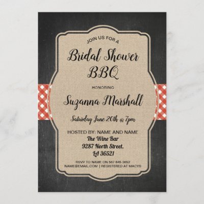 Bridal Shower BBQ Invite Red Gingham Burlap Invite
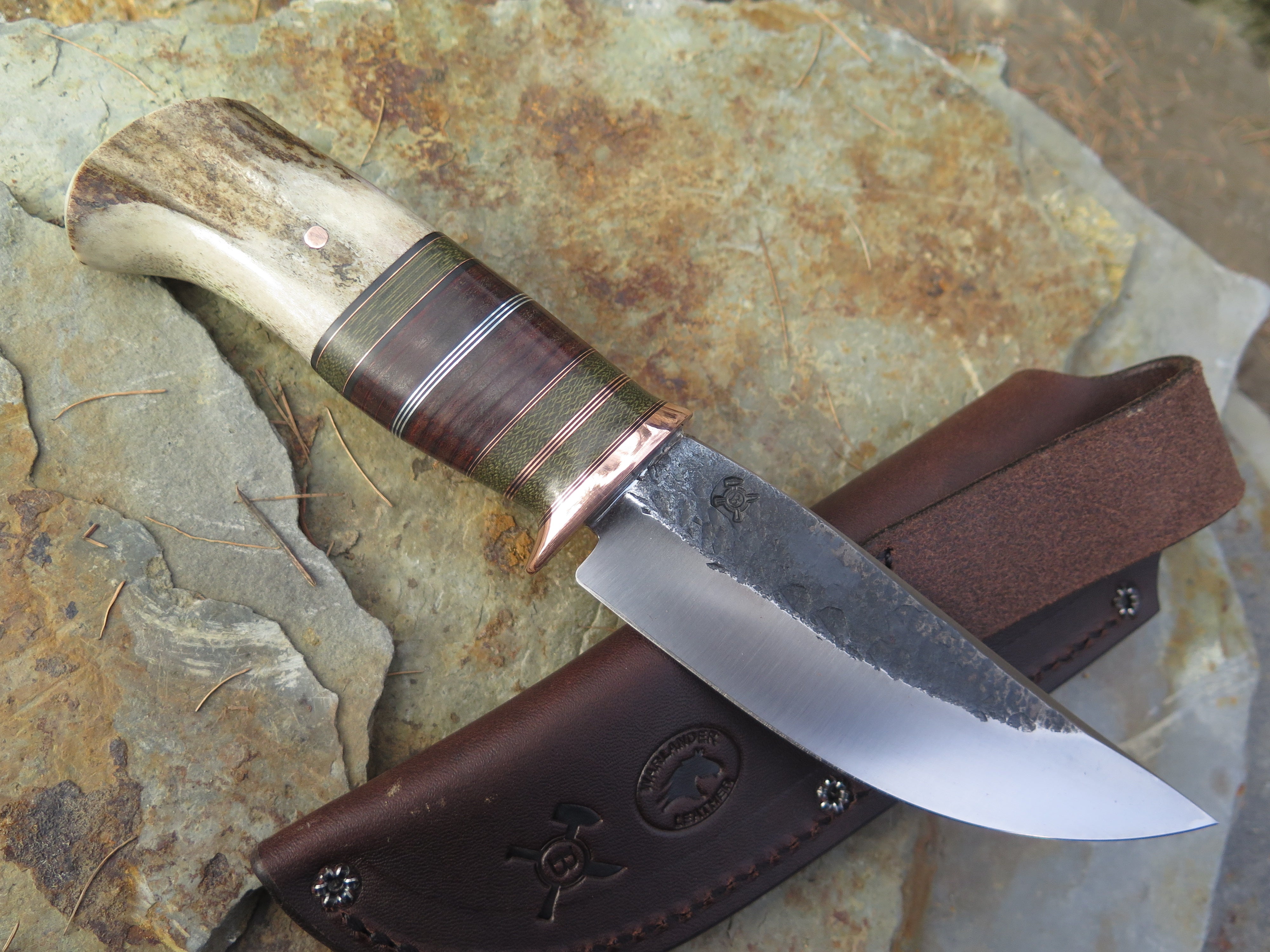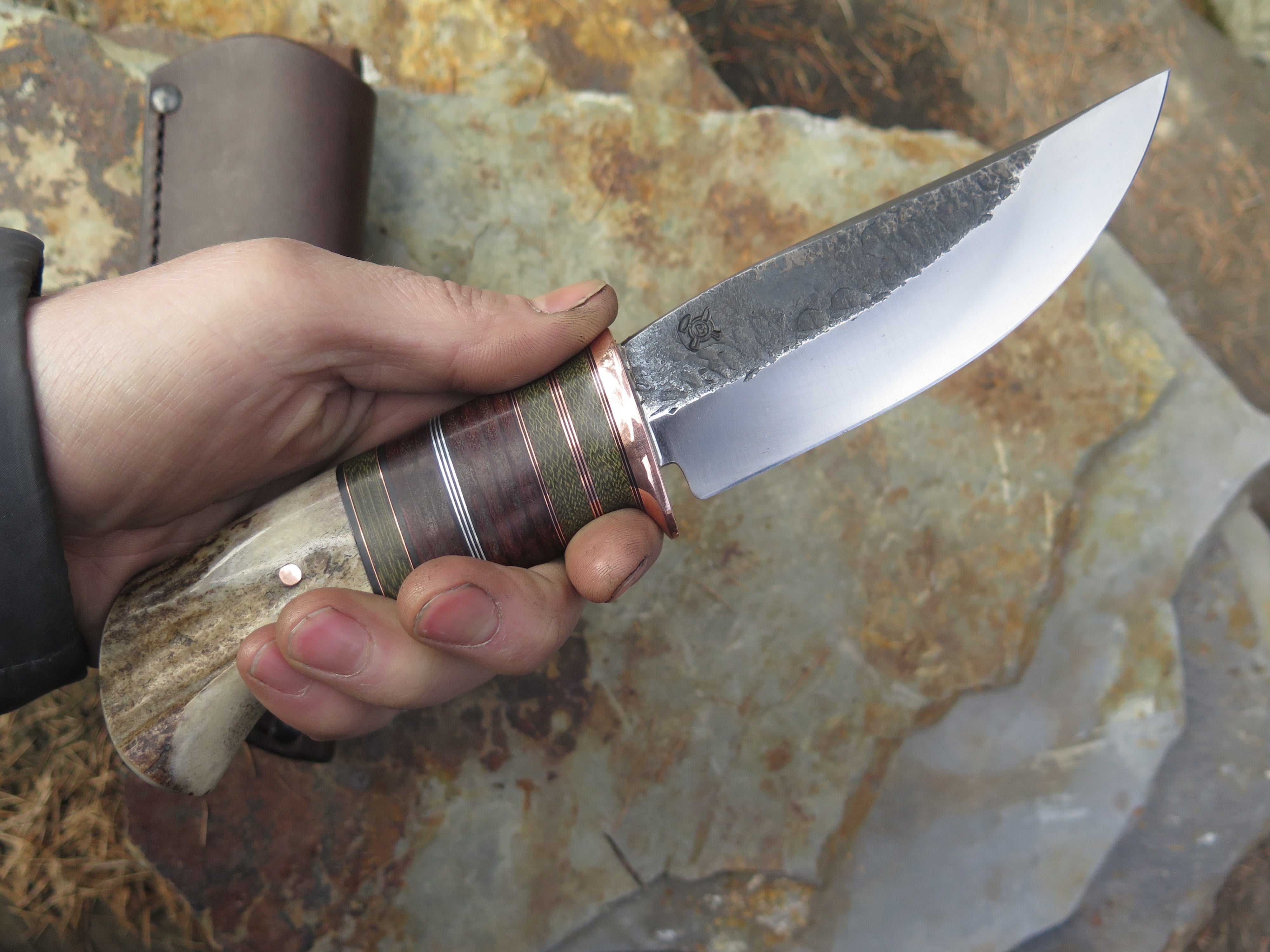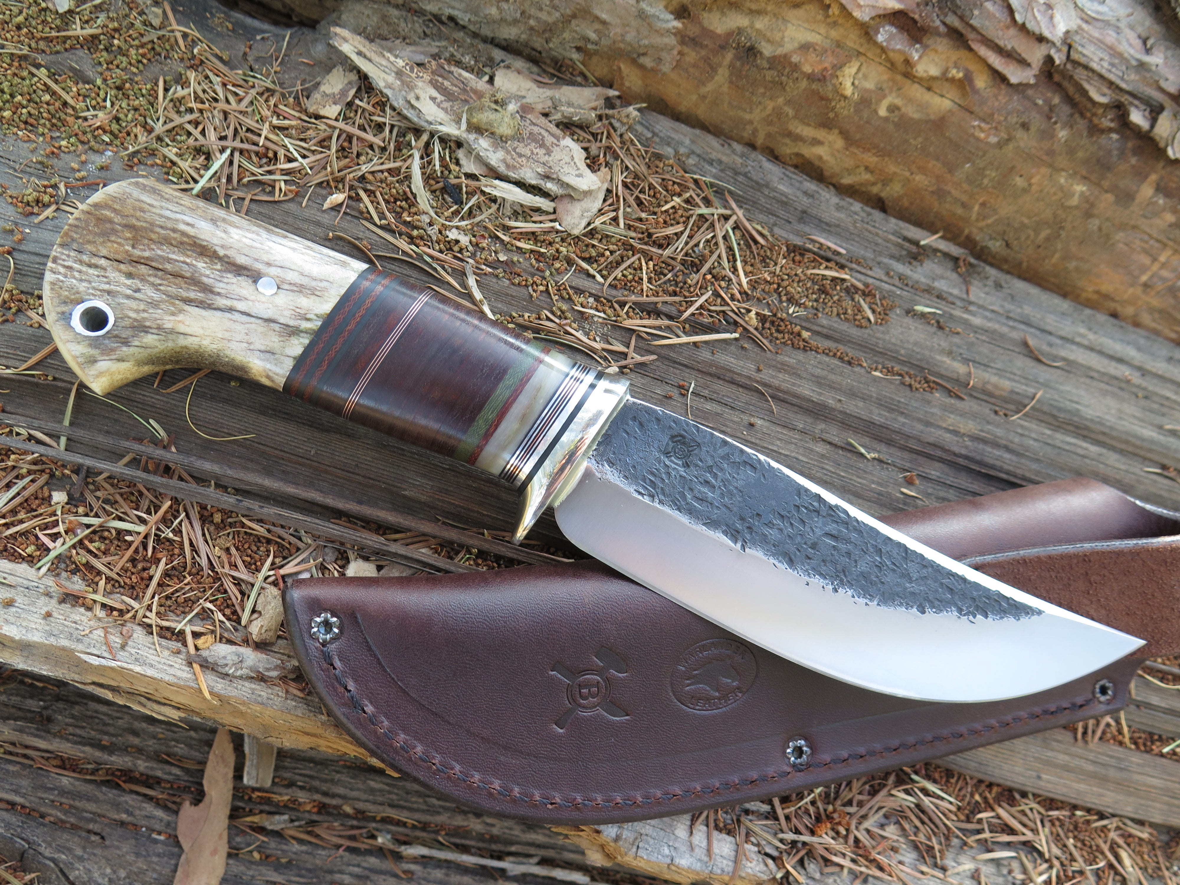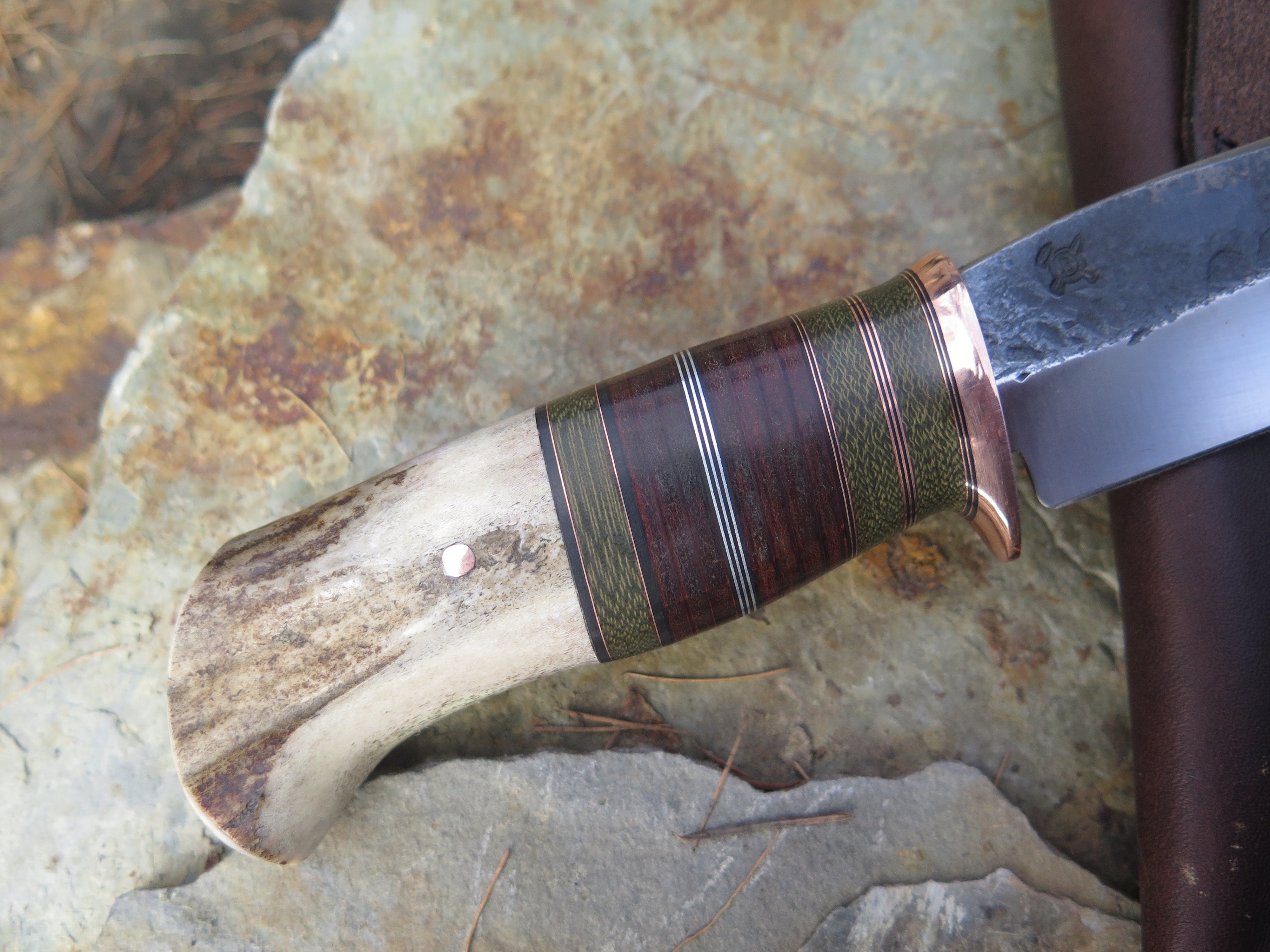 This incredible new XL Hunter from Behring Made© is hand forged from 13/64" thick 5160 spring steel and it measures a whopping 6" from tip to guard with a razor sharp hollow grind and our hammermark finish. The nickel silver guard is soldered in place above black fiber, green micarta, horsehide leather, musk ox, aluminum, copper and brown micarta spacers as well as a shiras moose paddle butt that's pinned and thonged with aluminum. The overall length measures 11" and it comes in a classic belt pouch sheath. You may never need another knife!
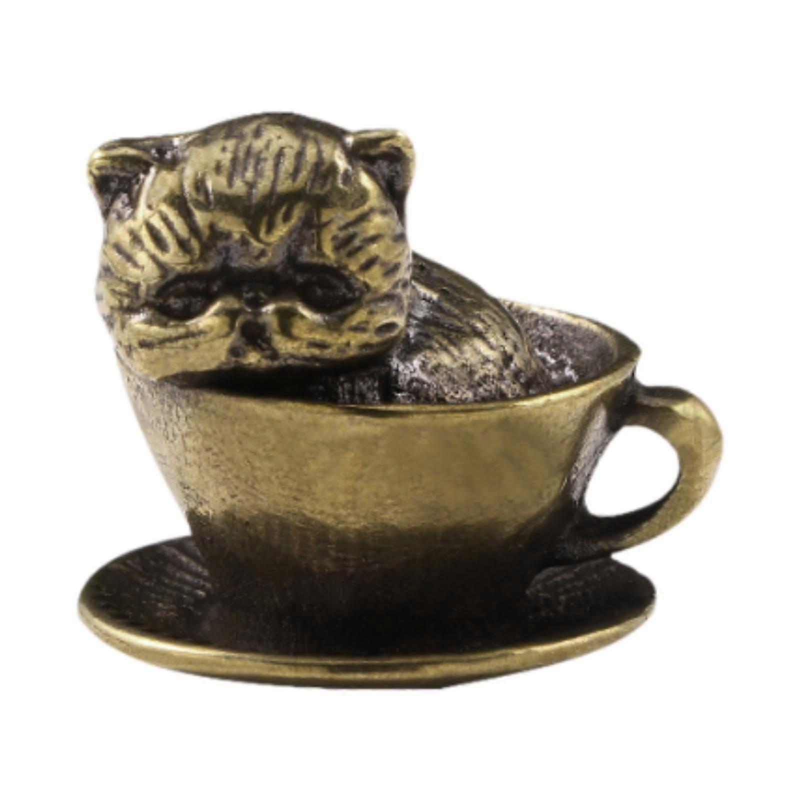 2025 Coffee Cup Pet Sculpture Antique Crafts Copper Pendant for Table Office Home Coffee Cup Cat
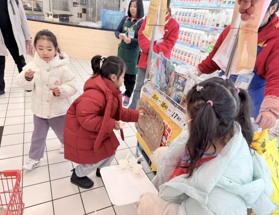 家长们全程耐心陪伴,不催促、不干预,引导孩子查看超市指示牌寻找商品,鼓励孩子用礼貌用语沟通,并不时与孩子交流“现在的超市商品更丰富”“智能设备让购物更便捷”等感受,让孩子们在实践中直观体会超市发展带来的便利。
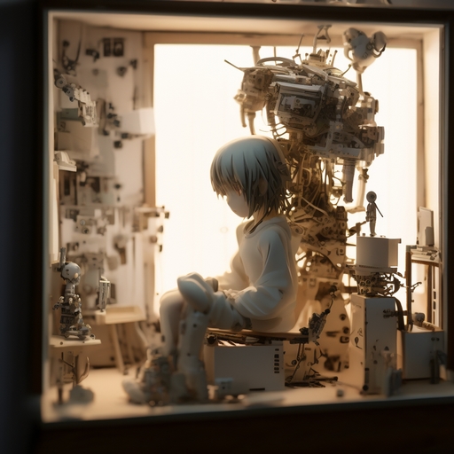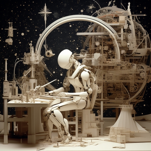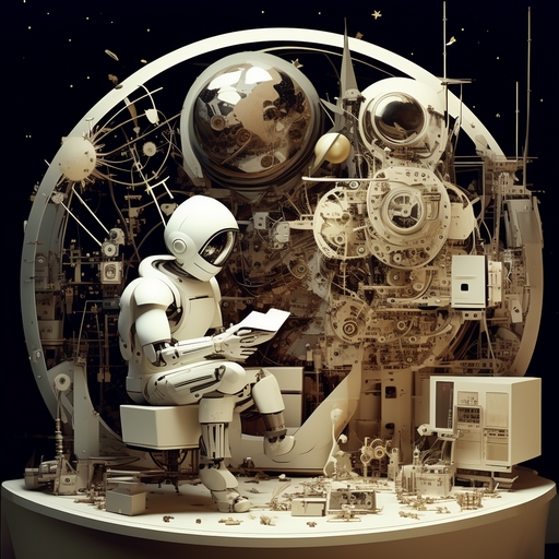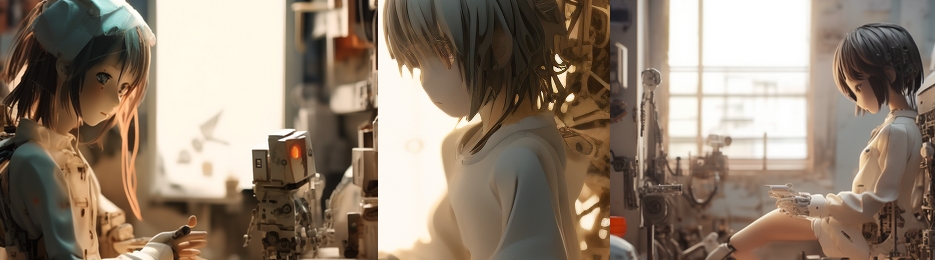 Stable Diffusionで生成したものです。オンラインで使えたので試してみたところ、これまでの人間の感覚で許容できる範囲を超えてるんじゃないかというくらい斬新な画像ばかり生み出してくれて、生成AIのすごさを実感。あまりにラディカルな画像が多かったため、出来るだけおとなしめのものを選んでヘッダーに使ってみたものです。プロンプトには「electronics, robot, automaton, anime girl, living machine, oldfilm, art, paper toy, paper box, astronomy,」などの言葉を使っています。
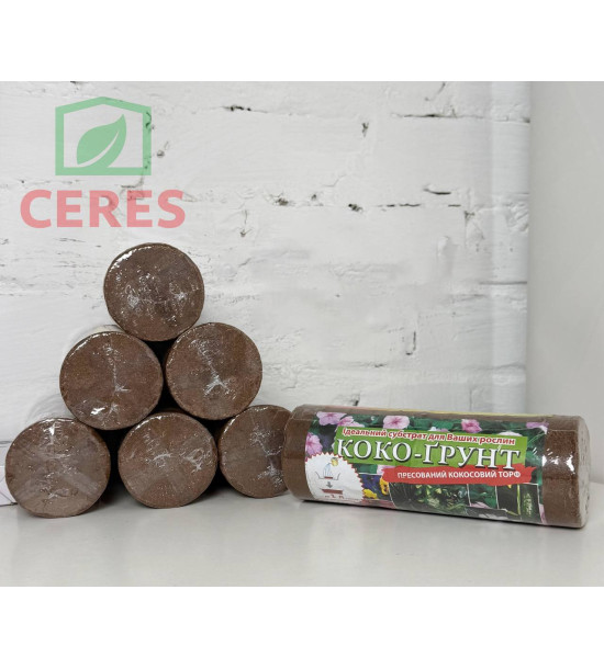 Пресований кокосовий торф в дисках по 65 г, коробка 24 упаковки по 10шт. Об'єм після розширення одного ди
----
(Assignment):
Could you copy all of the entries above exactly, without the pictures?

(Response area):
 Bridal Shower BBQ Invite Red Gingham Burlap Invite
 This incredible new XL Hunter from Behring Made© is hand forged from 13/64" thick 5160 spring steel and it measures a whopping 6" from tip to guard with a razor sharp hollow grind and our hammermark finish. The nickel silver guard is soldered in place above black fiber, green micarta, horsehide leather, musk ox, aluminum, copper and brown micarta spacers as well as a shiras moose paddle butt that's pinned and thonged with aluminum. The overall length measures 11" and it comes in a classic belt pouch sheath. You may never need another knife!
 2025 Coffee Cup Pet Sculpture Antique Crafts Copper Pendant for Table Office Home Coffee Cup Cat
 家长们全程耐心陪伴,不催促、不干预,引导孩子查看超市指示牌寻找商品,鼓励孩子用礼貌用语沟通,并不时与孩子交流“现在的超市商品更丰富”“智能设备让购物更便捷”等感受,让孩子们在实践中直观体会超市发展带来的便利。
 Stable Diffusionで生成したものです。オンラインで使えたので試してみたところ、これまでの人間の感覚で許容できる範囲を超えてるんじゃないかというくらい斬新な画像ばかり生み出してくれて、生成AIのすごさを実感。あまりにラディカルな画像が多かったため、出来るだけおとなしめのものを選んでヘッダーに使ってみたものです。プロンプトには「electronics, robot, automaton, anime girl, living machine, oldfilm, art, paper toy, paper box, astronomy,」などの言葉を使っています。
 Пресований кокосовий торф в дисках по 65 г, коробка 24 упаковки по 10шт. Об'єм після розширення одного ди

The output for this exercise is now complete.